Make an exact copy of all the entries below, with the pictures left out.

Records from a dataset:
# # # # #

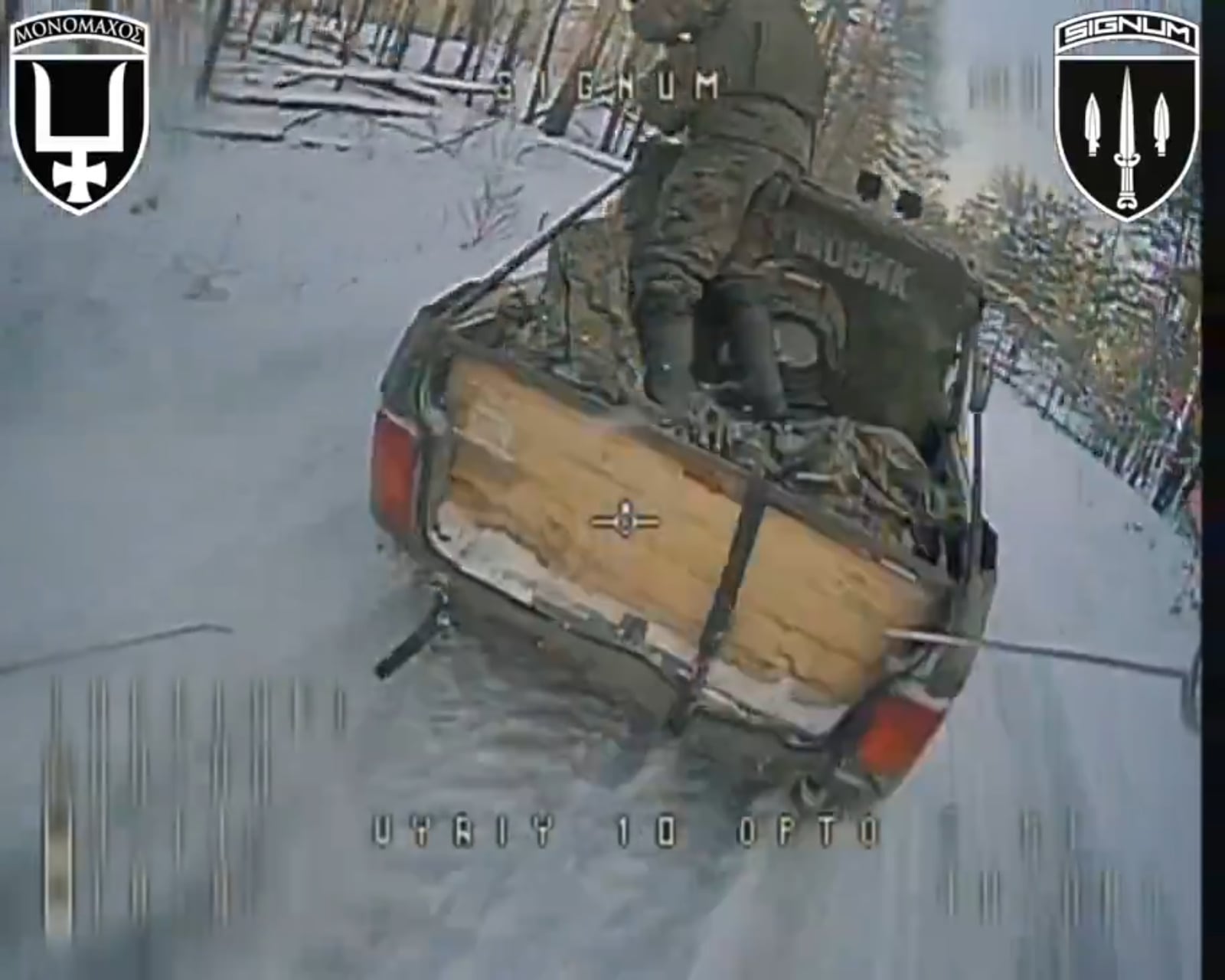 "Sturmtruppler-Soldaten" in einem Anhänger mit feurigem Finale 📍Lyman-Richtung ▪️Während der regulären Patrouille bemerken die Piloten des SIGNUM-Bataillons eine Bewegung: einen feindlichen Pickup, einen Insassen in einem Anhänger. Wahrscheinlich — Rotation des Personals in Positionen.
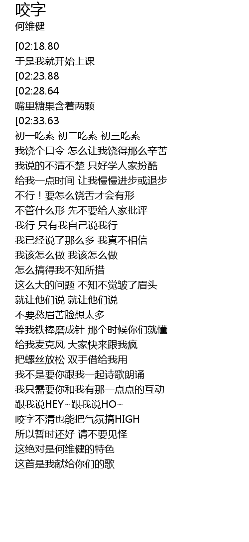 | [02:42.97][02:23.88][01:33.51][00:33.50] | 咬的字清不清 我不晓得 |
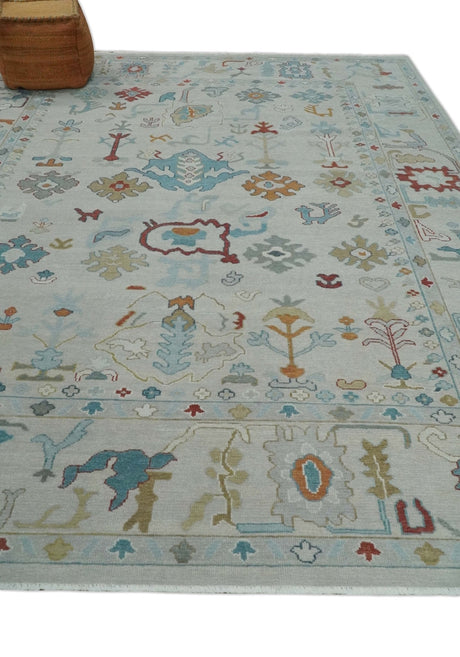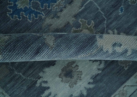 Multi Size Charcoal, Aqua and Silver Hand Knotted Oushak Wool Area Rug
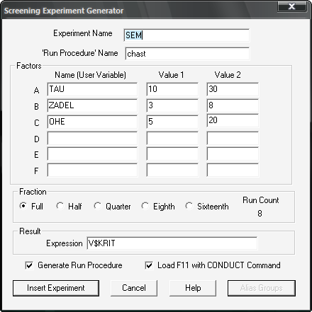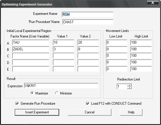 Решение найденное экспериментальным путем с помощью многочисленных прогонов (V=1812,81, TAU=15, ZADEL=6) оказалось близким со значением (V=1712,64, TAU=16, ZADEL=3) найденным программой после проведения оптимизирующего эксперимента, но не точное.
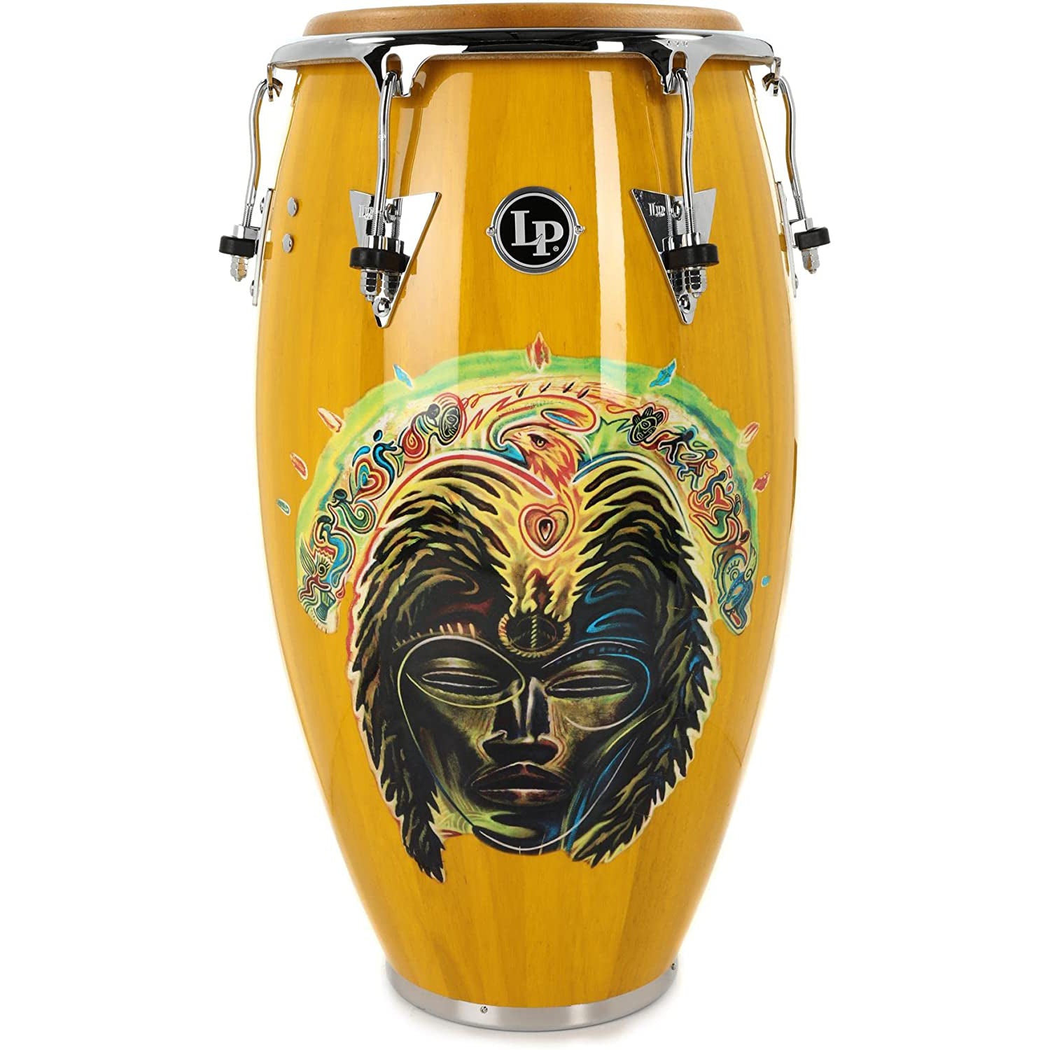 Latin Percussion is proud of the decade’s long relationship with Carlos Santana and honored to offer this commemorative Africa Speaks tumba. Based on LP's Classic Series, this Tumba features a vibrant yellow lacquer finish with incredibly intricate graphic art from the Santana Africa Speaks album.

# # # # #

◆ **SOLUTION TO THIS EXERCISE**
 "Sturmtruppler-Soldaten" in einem Anhänger mit feurigem Finale 📍Lyman-Richtung ▪️Während der regulären Patrouille bemerken die Piloten des SIGNUM-Bataillons eine Bewegung: einen feindlichen Pickup, einen Insassen in einem Anhänger. Wahrscheinlich — Rotation des Personals in Positionen.
 | [02:42.97][02:23.88][01:33.51][00:33.50] | 咬的字清不清 我不晓得 |
 Multi Size Charcoal, Aqua and Silver Hand Knotted Oushak Wool Area Rug
 Решение найденное экспериментальным путем с помощью многочисленных прогонов (V=1812,81, TAU=15, ZADEL=6) оказалось близким со значением (V=1712,64, TAU=16, ZADEL=3) найденным программой после проведения оптимизирующего эксперимента, но не точное.
 Latin Percussion is proud of the decade’s long relationship with Carlos Santana and honored to offer this commemorative Africa Speaks tumba. Based on LP's Classic Series, this Tumba features a vibrant yellow lacquer finish with incredibly intricate graphic art from the Santana Africa Speaks album.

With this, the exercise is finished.